EXERCISE: Everything from the line holding "Hiệu trưởng Trường" through the end of the records should be printed exactly, apart from the pictures.

DATA UNDER STUDY:
Start of Block

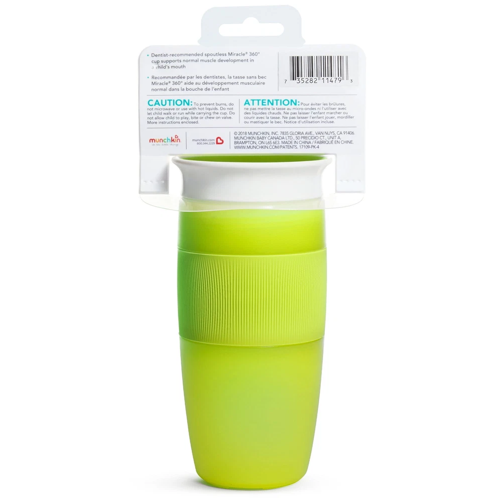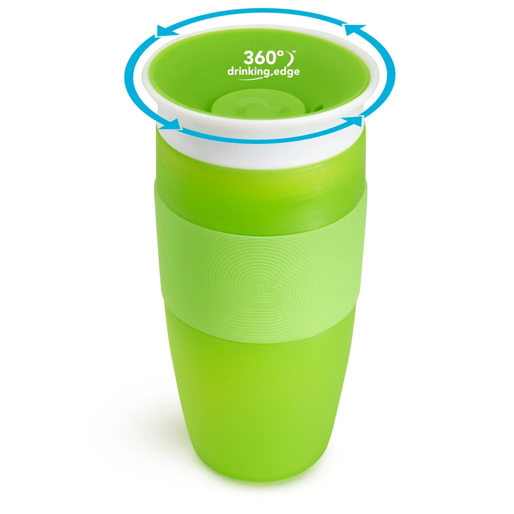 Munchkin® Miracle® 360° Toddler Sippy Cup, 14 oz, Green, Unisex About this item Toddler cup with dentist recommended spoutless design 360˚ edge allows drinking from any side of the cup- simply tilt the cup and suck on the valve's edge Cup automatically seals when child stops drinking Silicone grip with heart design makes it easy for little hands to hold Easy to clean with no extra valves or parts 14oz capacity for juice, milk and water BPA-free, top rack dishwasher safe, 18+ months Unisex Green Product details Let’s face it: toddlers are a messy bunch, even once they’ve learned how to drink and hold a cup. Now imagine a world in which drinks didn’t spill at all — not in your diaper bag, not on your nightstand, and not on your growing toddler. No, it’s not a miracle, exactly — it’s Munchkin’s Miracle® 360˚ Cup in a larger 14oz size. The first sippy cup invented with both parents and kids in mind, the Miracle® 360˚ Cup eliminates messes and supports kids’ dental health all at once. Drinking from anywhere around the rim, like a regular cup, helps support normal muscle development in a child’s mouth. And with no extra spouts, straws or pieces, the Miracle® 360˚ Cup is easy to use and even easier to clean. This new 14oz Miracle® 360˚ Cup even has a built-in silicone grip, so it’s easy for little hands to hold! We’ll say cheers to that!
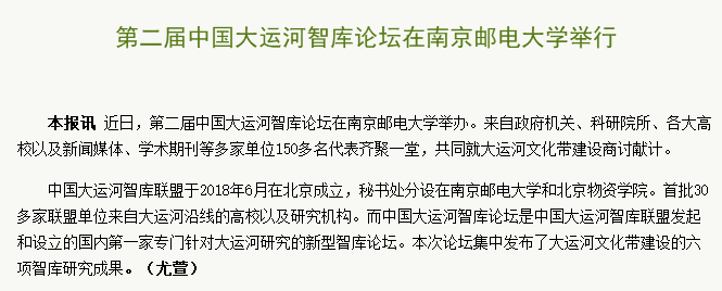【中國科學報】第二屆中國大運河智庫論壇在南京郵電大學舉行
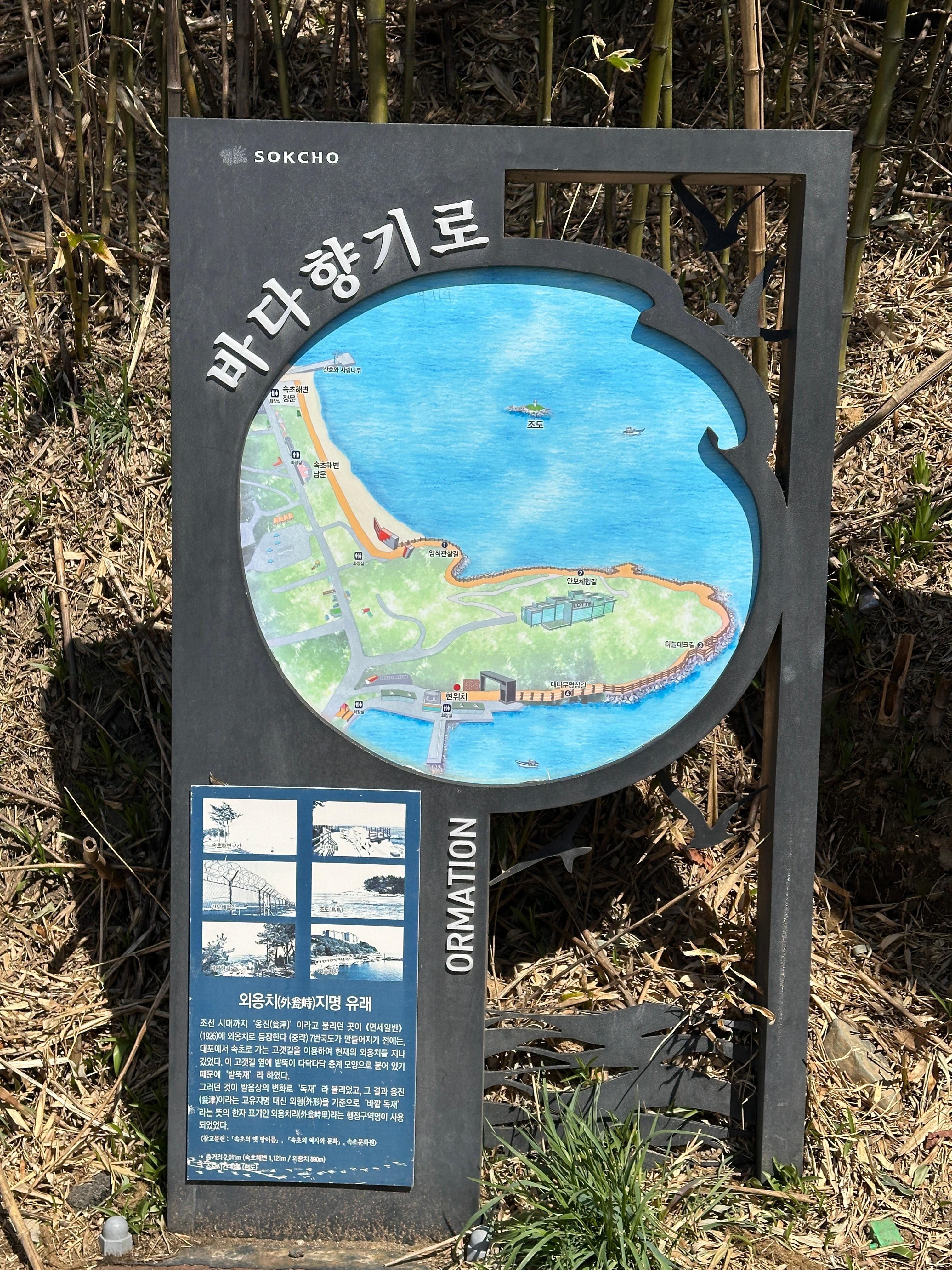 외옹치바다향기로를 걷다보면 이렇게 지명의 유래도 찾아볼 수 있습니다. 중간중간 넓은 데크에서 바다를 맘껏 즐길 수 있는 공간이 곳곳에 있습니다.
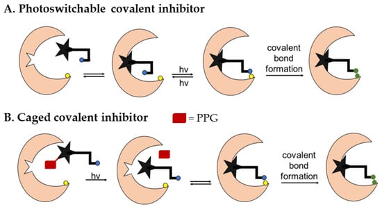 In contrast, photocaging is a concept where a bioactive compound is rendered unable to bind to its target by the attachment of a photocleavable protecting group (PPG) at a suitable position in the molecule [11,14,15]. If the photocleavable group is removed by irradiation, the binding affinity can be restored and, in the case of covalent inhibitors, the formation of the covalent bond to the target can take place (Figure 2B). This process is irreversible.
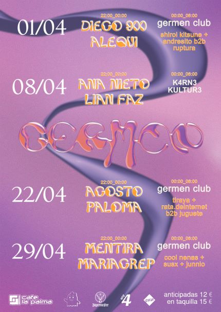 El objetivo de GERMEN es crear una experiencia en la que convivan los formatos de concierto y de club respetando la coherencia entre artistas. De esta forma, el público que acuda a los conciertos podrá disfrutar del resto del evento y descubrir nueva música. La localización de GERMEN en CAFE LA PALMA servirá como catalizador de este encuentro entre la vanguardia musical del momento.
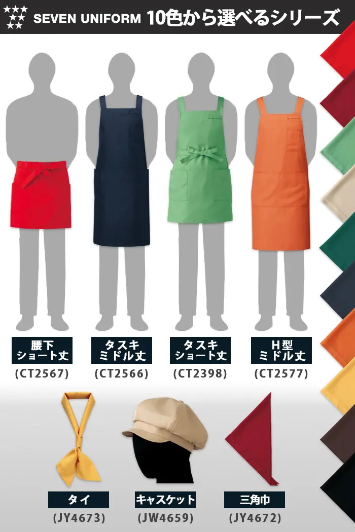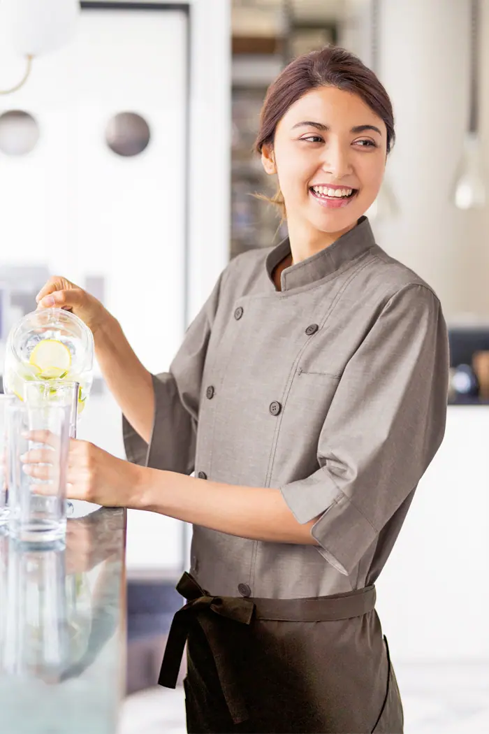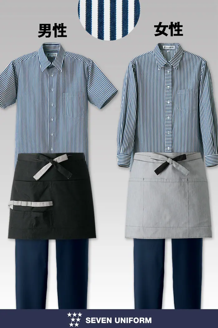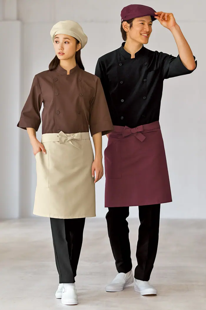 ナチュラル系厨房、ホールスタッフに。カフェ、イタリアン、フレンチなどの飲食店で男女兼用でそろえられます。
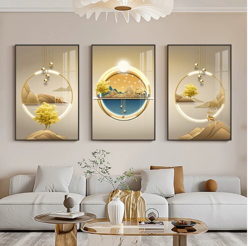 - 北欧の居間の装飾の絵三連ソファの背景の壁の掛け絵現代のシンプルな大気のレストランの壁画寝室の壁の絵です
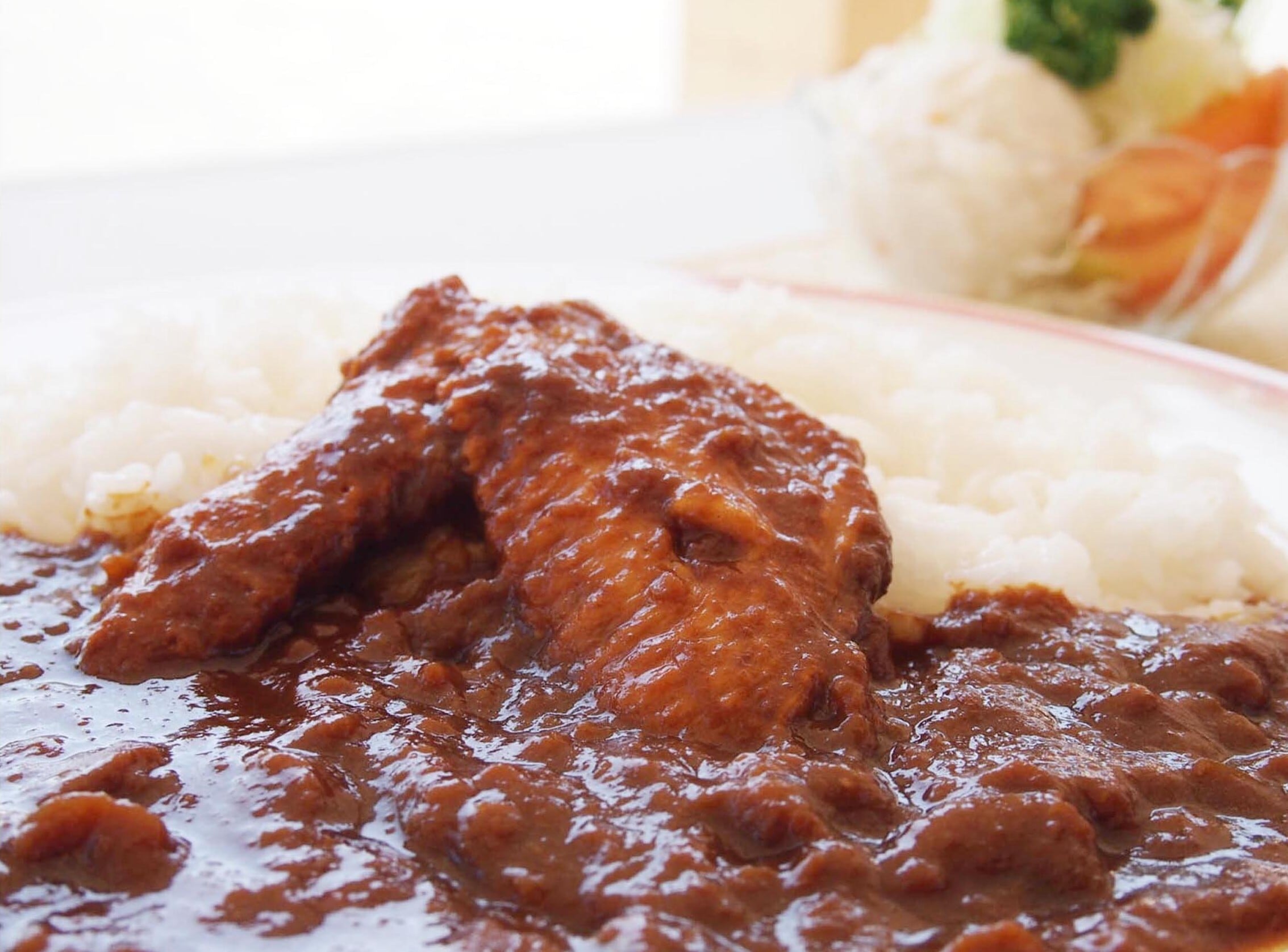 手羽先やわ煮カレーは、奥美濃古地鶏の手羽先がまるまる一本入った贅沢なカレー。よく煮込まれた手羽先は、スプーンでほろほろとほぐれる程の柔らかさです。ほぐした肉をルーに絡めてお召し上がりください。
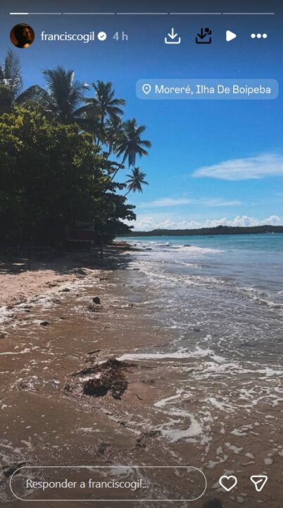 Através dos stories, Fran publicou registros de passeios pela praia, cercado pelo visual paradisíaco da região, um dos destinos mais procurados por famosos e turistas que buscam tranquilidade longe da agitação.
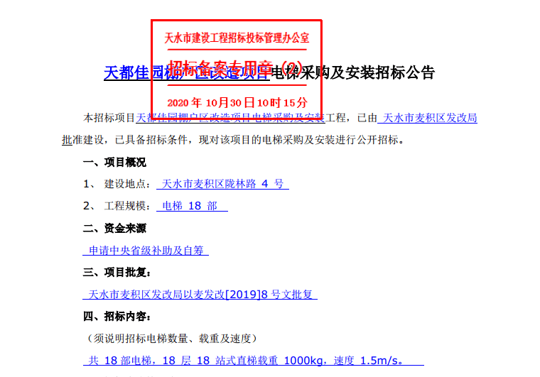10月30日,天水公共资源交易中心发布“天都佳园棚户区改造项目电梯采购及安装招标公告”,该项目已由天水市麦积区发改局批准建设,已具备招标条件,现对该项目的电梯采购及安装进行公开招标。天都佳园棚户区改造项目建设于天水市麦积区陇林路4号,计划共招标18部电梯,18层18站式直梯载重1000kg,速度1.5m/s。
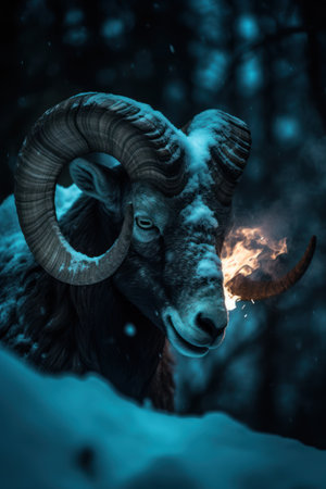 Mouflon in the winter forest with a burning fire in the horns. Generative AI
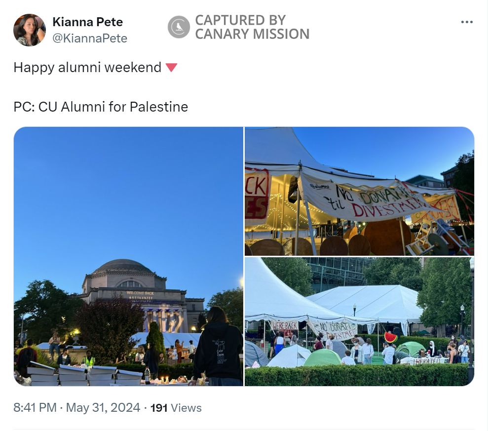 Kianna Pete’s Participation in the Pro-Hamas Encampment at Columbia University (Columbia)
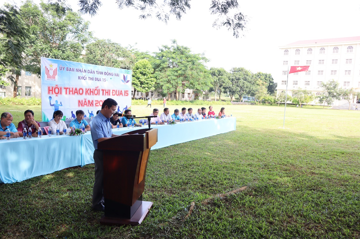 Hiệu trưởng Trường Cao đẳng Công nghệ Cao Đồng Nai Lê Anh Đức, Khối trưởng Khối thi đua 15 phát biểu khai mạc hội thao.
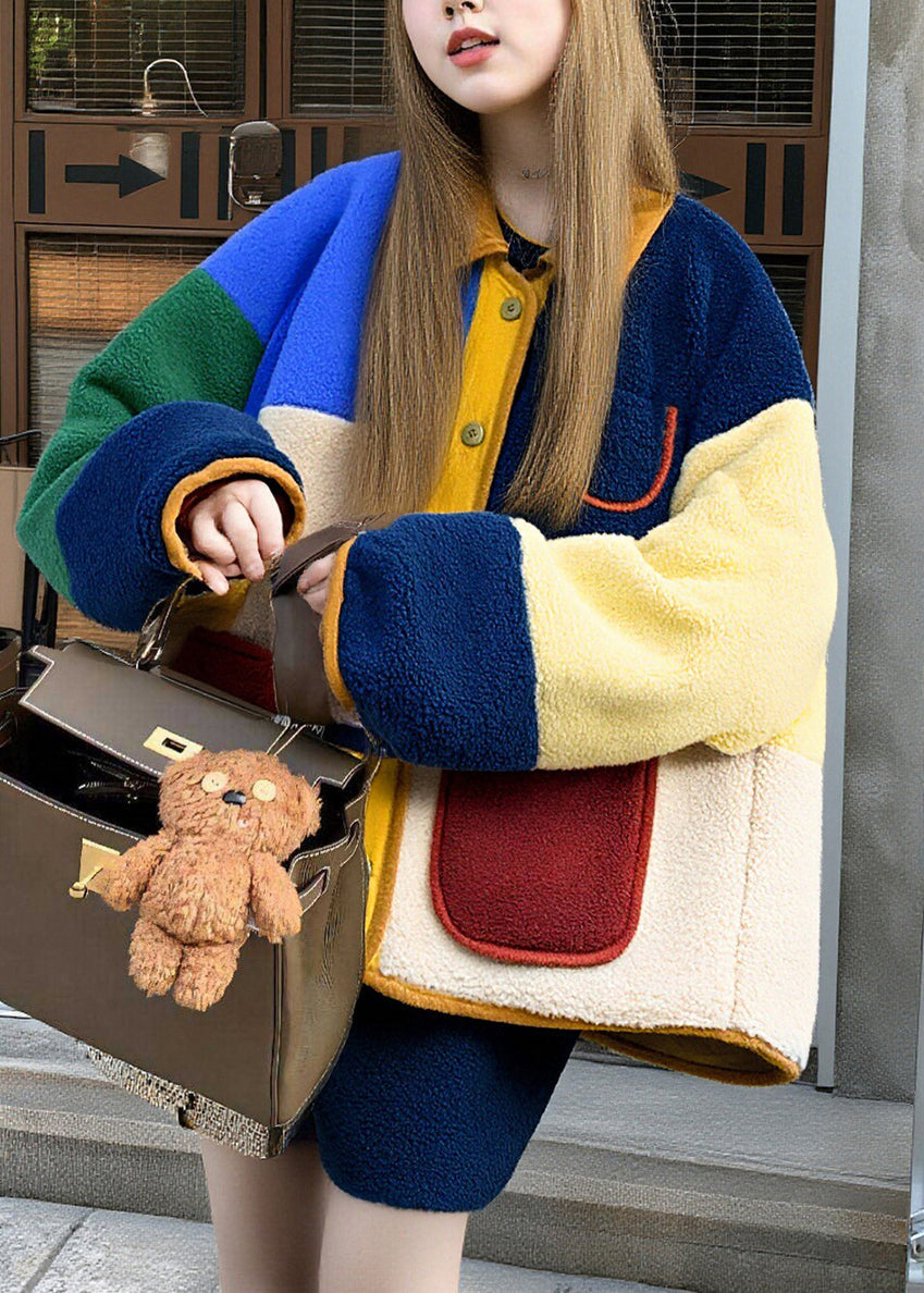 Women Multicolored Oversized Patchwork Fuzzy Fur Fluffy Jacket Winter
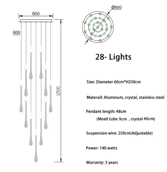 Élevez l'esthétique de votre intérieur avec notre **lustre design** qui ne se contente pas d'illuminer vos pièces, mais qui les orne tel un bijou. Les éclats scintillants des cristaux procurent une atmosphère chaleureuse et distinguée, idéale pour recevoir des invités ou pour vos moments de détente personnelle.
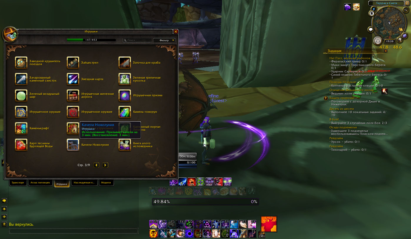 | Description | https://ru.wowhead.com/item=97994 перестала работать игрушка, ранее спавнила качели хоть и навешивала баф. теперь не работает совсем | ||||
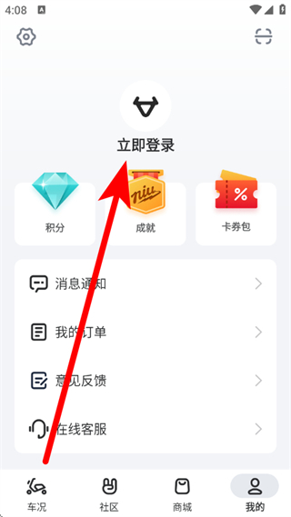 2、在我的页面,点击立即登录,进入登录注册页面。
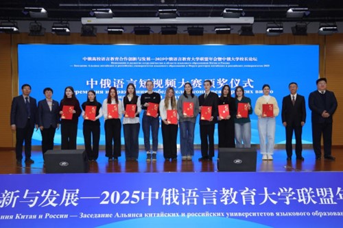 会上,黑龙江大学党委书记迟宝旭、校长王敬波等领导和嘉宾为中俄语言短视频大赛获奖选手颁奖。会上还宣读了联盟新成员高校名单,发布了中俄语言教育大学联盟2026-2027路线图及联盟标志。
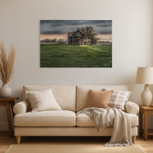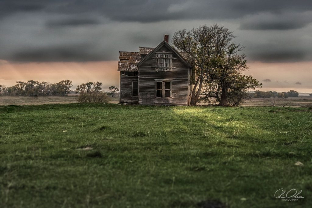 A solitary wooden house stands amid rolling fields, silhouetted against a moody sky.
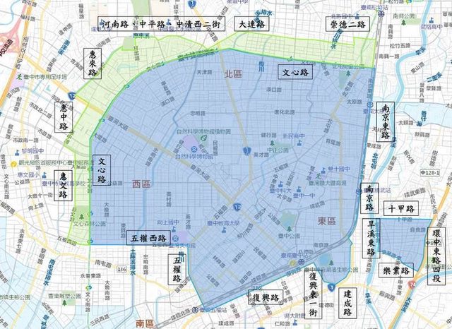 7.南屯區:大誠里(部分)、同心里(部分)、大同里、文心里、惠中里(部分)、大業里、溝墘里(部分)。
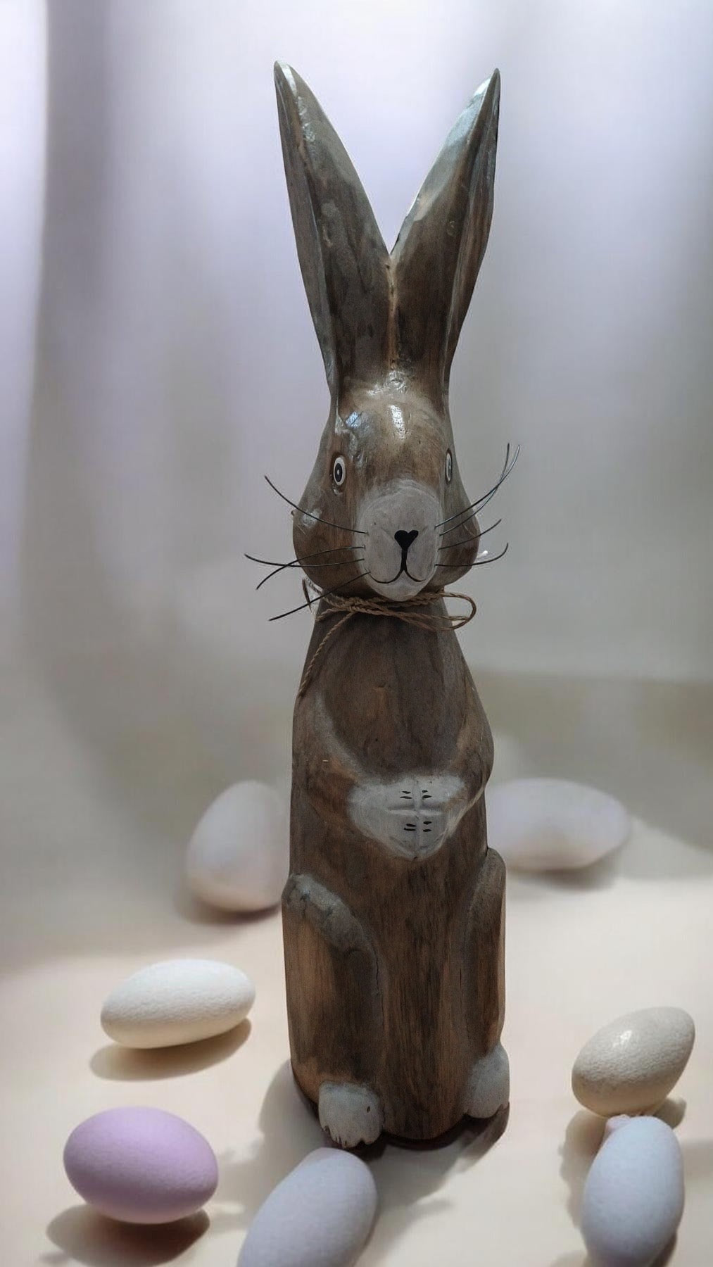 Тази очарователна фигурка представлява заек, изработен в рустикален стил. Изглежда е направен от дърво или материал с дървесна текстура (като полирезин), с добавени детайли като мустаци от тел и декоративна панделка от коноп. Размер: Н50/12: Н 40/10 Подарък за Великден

End of Block

OUTPUT FOR THIS EXERCISE:
 Hiệu trưởng Trường Cao đẳng Công nghệ Cao Đồng Nai Lê Anh Đức, Khối trưởng Khối thi đua 15 phát biểu khai mạc hội thao.
 Women Multicolored Oversized Patchwork Fuzzy Fur Fluffy Jacket Winter
 Élevez l'esthétique de votre intérieur avec notre **lustre design** qui ne se contente pas d'illuminer vos pièces, mais qui les orne tel un bijou. Les éclats scintillants des cristaux procurent une atmosphère chaleureuse et distinguée, idéale pour recevoir des invités ou pour vos moments de détente personnelle.
 | Description | https://ru.wowhead.com/item=97994 перестала работать игрушка, ранее спавнила качели хоть и навешивала баф. теперь не работает совсем | ||||
 2、在我的页面,点击立即登录,进入登录注册页面。
 会上,黑龙江大学党委书记迟宝旭、校长王敬波等领导和嘉宾为中俄语言短视频大赛获奖选手颁奖。会上还宣读了联盟新成员高校名单,发布了中俄语言教育大学联盟2026-2027路线图及联盟标志。
 A solitary wooden house stands amid rolling fields, silhouetted against a moody sky.
 7.南屯區:大誠里(部分)、同心里(部分)、大同里、文心里、惠中里(部分)、大業里、溝墘里(部分)。
 Тази очарователна фигурка представлява заек, изработен в рустикален стил. Изглежда е направен от дърво или материал с дървесна текстура (като полирезин), с добавени детайли като мустаци от тел и декоративна панделка от коноп. Размер: Н50/12: Н 40/10 Подарък за Великден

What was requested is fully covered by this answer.